IBM kept the Lotus brand intact for more than a decade as it sold loads of Lotus software to thousands of customers. And its annual Lotusphere user conferences have been reputable, both for their ability to impart information and highlight new technologies in the pipeline as well as for the opportunity for thousands of users with like minds, solutions and problems to get together and party. Brill said IBM will celebrate the 20th anniversary of Lotusphere next year; however, it will be as part of IBM Connect 2013. In its description of the Connect 2013 conference, which will run Jan. 27 through 31 in Orlando, Fla., IBM said:In January 2013, we're joining two 'places'—long-standing Lotusphere and last year's Connect conferences—and making them one.
Why the name change? The conference has a new name to reflect an expanded focus, the broader IBM social business story. The technical content for which Lotusphere is known is still predominately featured through hundreds of deep-dive technology-enablement sessions for all technical roles and, in fact, is called the Lotusphere program within IBM Connect.
IBM Connect 2013. Familiar, yet with a whole new twist.

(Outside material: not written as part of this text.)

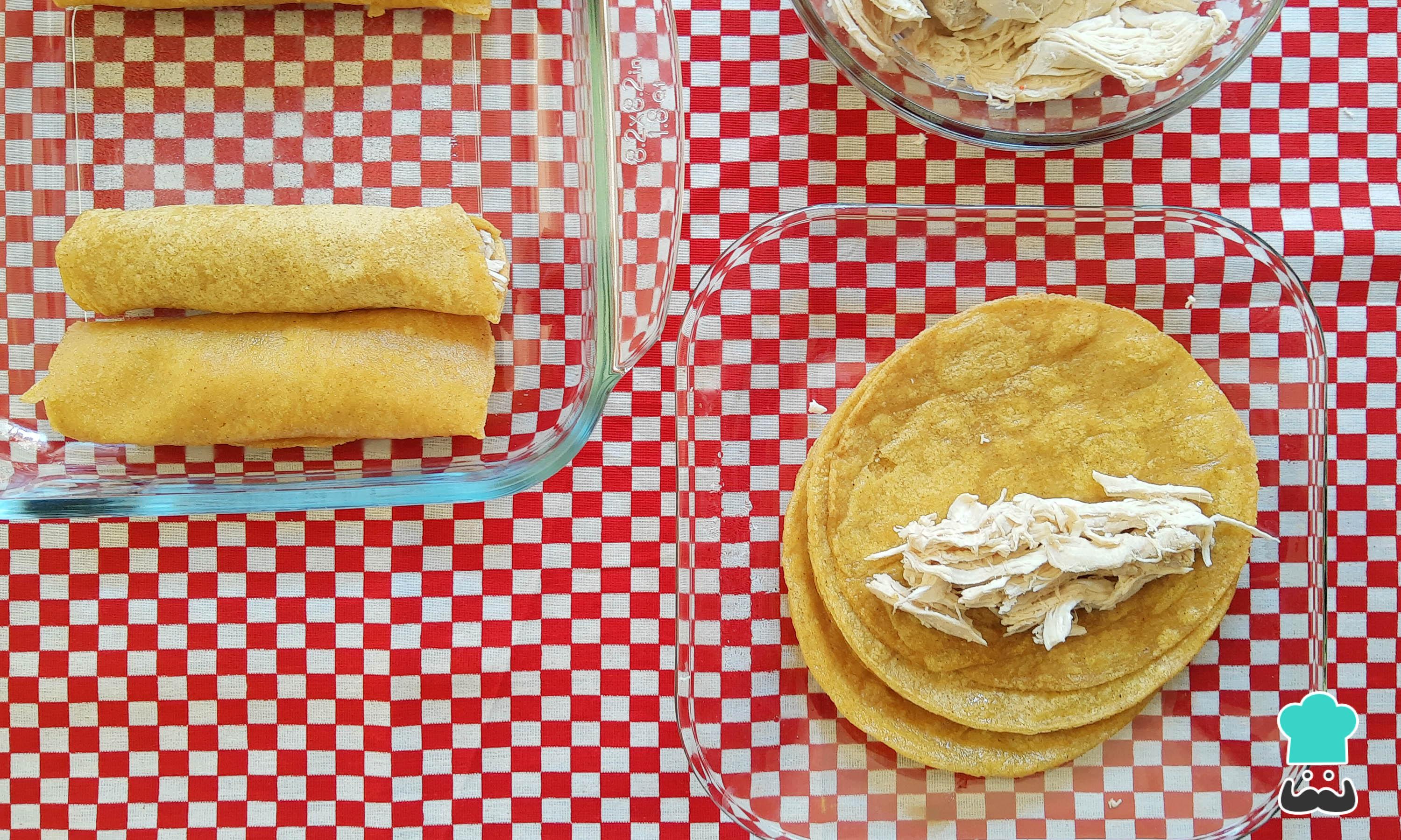 Rellena las tortillas con el pollo y enróllalas. Puedes acomodarlas en un refractario para horno o comenzar a emplatar.

What many of you have looked forward to for the past 19 years and what many of you will look forward to for at least the next 19—Lotusphere with a new name that reflects the broader story of IBM's market leadership in the social business arena.
"As a brand, Lotus probably has more historical significance today than it does market impact," said Charles King, principal analyst at Pund-IT. "So the decision to place the products within IBM Collaboration Solutions does two things: 1) reflects a core value—collaboration—that the company has been emphasizing for the past five years or so; and 2) firmly attaches them to IBM—which is number two on Interbrand's 2012 list of best-recognized global brands—just behind number one Coca-Cola. Overall, I wouldn't read too much into this though it does highlight the essentially transitory nature of most commercial products, as well as how notable it is for a brand to become and remain dominant for years or even decades as IBM has done."